O Autor: Marialvo Barreto, é nascido em Ipupiara, Bahia, filho de Amélia Barreto Cunha e Teotônio Barreto, estudou geografia na UFF em Niterói, professor universitário aposentado da UEFS-Universidade Estadual de Feira de Santana, foi vereador na mesma cidade por 2 mandatos. É escritor, poeta e cordelista. Conservacionista implanta o projeto de Recatingamento na sua pequena propriedade Flor de Alecrim no povoado da Matinha em Feira de Santana .
O Umbu é uma fruta tipicamente brasileira, endêmica, por que só nasce no bioma Caatinga. Eu nasci em Seabra, no coração da Chapada Diamantina e centro da Bahia. Desde criança eu ficava sonhando em chegar o mês de dezembro, não só por causa do Natal, dos presentes comerciais, mas dos presentes naturais. Dezembro é mês de umbu e de mangaba, mas, sobre as mangabeiras, serão outras escritas.
Após provar um chocolate de umbu eu senti uma vontade avassaladora de escrever, dentro de mim algo estava pujante, deixei até de ir num compromisso ambiental, por que as palavras estavam me dominando.

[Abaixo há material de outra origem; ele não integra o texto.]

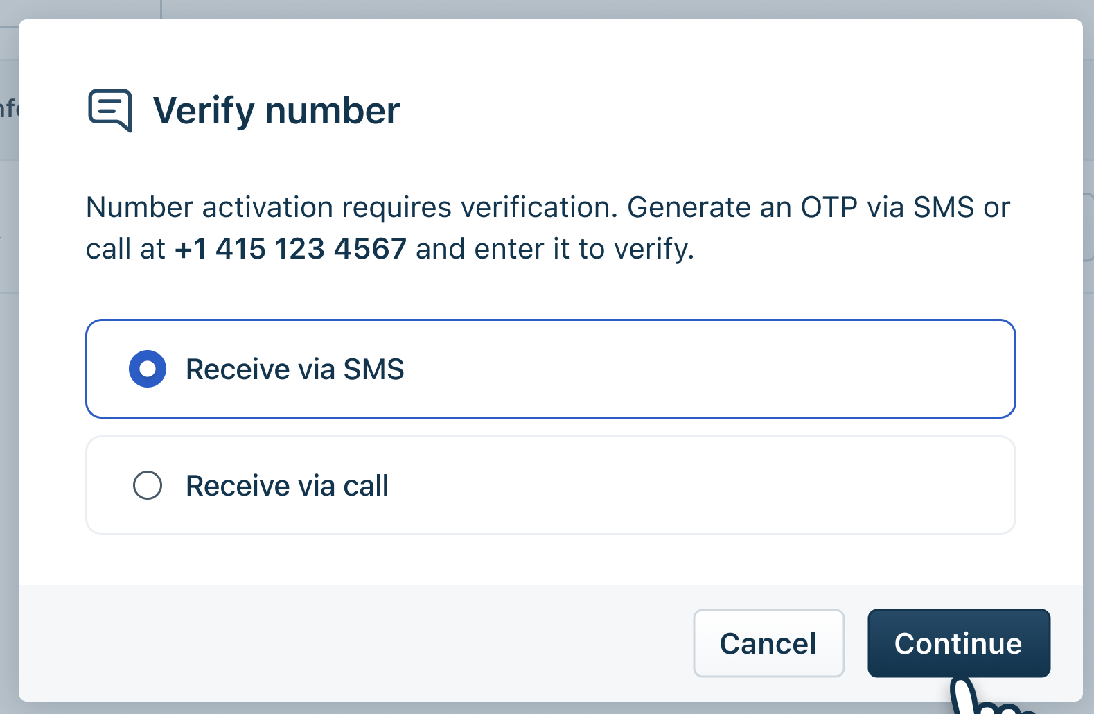 - Click Verify number and select how you want to authenticate the number. You can choose to receive SMS or call.

Voltemos a infância em Feira de Santana, onde tem umbu, mas são mais tímidos, árvores menores, tinha muito mais cajá, então eu ficava sonhando com a viagem para Seabra na casa de vovó Amélia e chegar na feira e ter aqueles umbus enormes que vinham de Oliveira dos Brejinhos ou da Prata . Quando comecei a andar por Irecê e Jussara, e, descobri a roça de tio Licínio, foi uma paixão avassaladora, cada umbuzeiro digno de batismo e tombamento. Assim como na cidade de Sabará alugam 1 pé de jabuticaba para chupar, deveriam fazer com o umbuzeiro. É tanto umbu gostoso e diferente que fico imaginando a injustiça e tristeza de bilhões de pessoas no mundo que desconhecem este alimento. Partindo desta ótica, eu sou privilegiada demais, conheço centenas de pés de umbu.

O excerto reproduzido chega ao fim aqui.